Response Biomedical Corp. Announces Execution of New

Response Biomedical Corp. Announces Execution of New Distribution
Agreement with Fisher HealthCare for U.S. Distribution of its
Response Infectious Disease Products 
VANCOUVER, BRITISH COLUMBIA -- (Marketwire) -- 01/24/13 -- Response
Biomedical Corp. (TSX:RBM)(OTCBB:RPBIF) (Response) announced today
that it has entered into a new nonexclusive distribution agreement
with Fisher HealthCare, part of Thermo Fisher Scientific to
distribute its Infectious Disease portfolio of RAMP(R) products in
the U.S. Fisher HealthCare is a global distributor of innovative
diagnostic technologies and laboratory products to hospitals,
physician office laboratories and alternate healthcare settings.  
This is the second agreement entered into between Response's newly
formed, wholly owned U.S. subsidiary, Response Point of Care Inc.,
and a U.S. distributor in January 2013. Fisher will market Response's
Infectious Disease Point of Care (POC) test panel, which currently
includes the RAMP(R) Flu A + B test and the RAMP(R) RSV test, on the
RAMP(R) 200.  
"This is a key strategic agreement for Response as we continue our
investment into the U.S. marketplace for POC testing. The knowledge
and experience of Fisher HealthCare in this market is a vital part of
our strategy to substantially increase our penetration into this
highly competitive region. Our recent activity and focus within the
U.S. market has set an excellent foundation for growth highlighted by
these significant partnerships with well established and well
respected companies," stated Tim Shannon, Senior Vice President of
Worldwide Sales and Marketing for Response Biomedical Corp. "As
widely reported in the media, this year's influenza season is severe
which makes this agreement timely," added Shannon. 
Response's Flu A + B and RSV tests are run on the RAMP(R) 200 Reader
(the "Reader") diagnostic platform that quickly delivers objective
results through an easy-to-use self-timed Reader. The Reader detects
positive or negative results within 15 minutes that are directly
correlated with the presence or absence of the Flu A and B
nucleoprotein antigens or RSV F-protein antigen. For the Flu A + B
test, the Reader differentiates between and detects both influenza A
and B antigens and the result is displayed by the automated Reader.

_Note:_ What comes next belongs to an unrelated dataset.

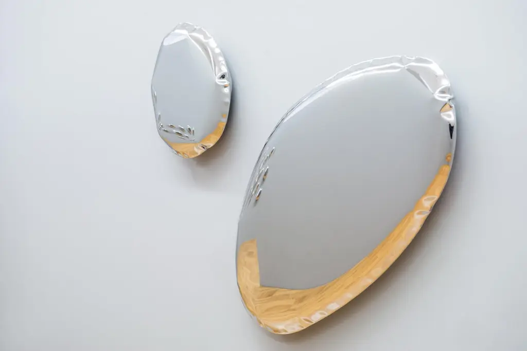 TAFLA O series is characterized by smooth, optically light shapes inspired by liquid droplets and thanks to its unique form, combines the world of design, art and technology. TAFLA collection is a radical step towards such transformations. Mirrors made with FiDU technology are a result of free deformation caused by high internal pressure. This process creates objects of great durability yet of subtle structure. Available in emerald color, sapphire color, gradient of emerlad and sapphire color, dark matter color, and deep space blue color. About the artist/ designer:Oskar Zieta – an architect, designer, artist and innovator. Born in 1975, after he graduated architecture at Szczecin University of Technology in 2000, he has got a scholarship at ETH Zurich. Over the course of 2 years of postgraduate studies he developed skills in parametric design and modern manufacturing technologies finalized with PhD graduation. Currently he runs the department of industrial design at School of Form. Laureate of many prestigious awards in design and technology. Inventor of FiDU - inner pressure metal forming technology - the keystone to Zieta Collection, Zieta Out of Ordinary as well as large scale sculptures like NAWA on Daliowa Island in Wroclaw and WIR in Galeria Pólnocna in Wroclaw.Ambassador of Warsaw Home & Contract Fair. Oskar Zieta has been awarded the AUDI – Mentor-Price 2011, the Red Dot Award 2008, DMY Award for Innovation in production process 2008, the YDMI 2008, the German Design Council Prize 2009, the Forum Aid Awards 2009, Technology Award Materialica 2009, MUST HAVE Design Lódz 2011 and was nominated to Mies Van Der Rohe Award 2019, the Schweizer Design Preis 2009 and the Dobry Wzór 2009. His designs carved out their way into numerous prestigious collections including Centre Pompidou in Paris, the Pinakothek der Moderne in Munich, Zurich Design Museum and the Baden State Museum In Karlsruhe.Oskar Zieta is a CEO of Zieta Studio established in 2010 in Wroclaw. The company is an interdisciplinary team of architects, designers, engineers and technologists as well as production line and industrial implementation workers. Specialists in many fields are permanent collaborators of Zieta Studio - psychologists, biologists, scientists and many others. FiDU Innovation Lab develops its own, innovative technologies of stabilizing sheet metal, i.e. FiDU and 3+ and their application to modern architecture, engineering and design.

e fluorescence-reading Reader helps eliminate user interpretation
errors, which can lead to both false negative or false positive
results. Additionally, the Reader stores test results which gives lab
technicians more flexibility in time and test management. The
Reader's ability to export data further reduces the potential for
reporting errors by eliminating the need for manual transfer of
patient results. Rapid detection of RSV and/or Flu A + B aids
hospital laboratories and physician office laboratories in the rapid
diagnosis and treatment of patients. The RAMP(R) 200 Reader has
innovative design features, including multi-port capability to run up
to 12 tests per hour on one module and up to 36 tests per hour, using
three modules. This allows tests to be run on multiple patients
simultaneously or multiple assays to be run for one patient. More
information on the proprietary RAMP(R) Platform can be found at 
The Market 
Seasonal influenza is a highly variable, contagious and potentially
life-threatening viral respiratory infection. Influenza can lead to
severe complications and results in approximately 3,000 - 49,000
seasonal influenza-related deaths in the United States every year.(i) 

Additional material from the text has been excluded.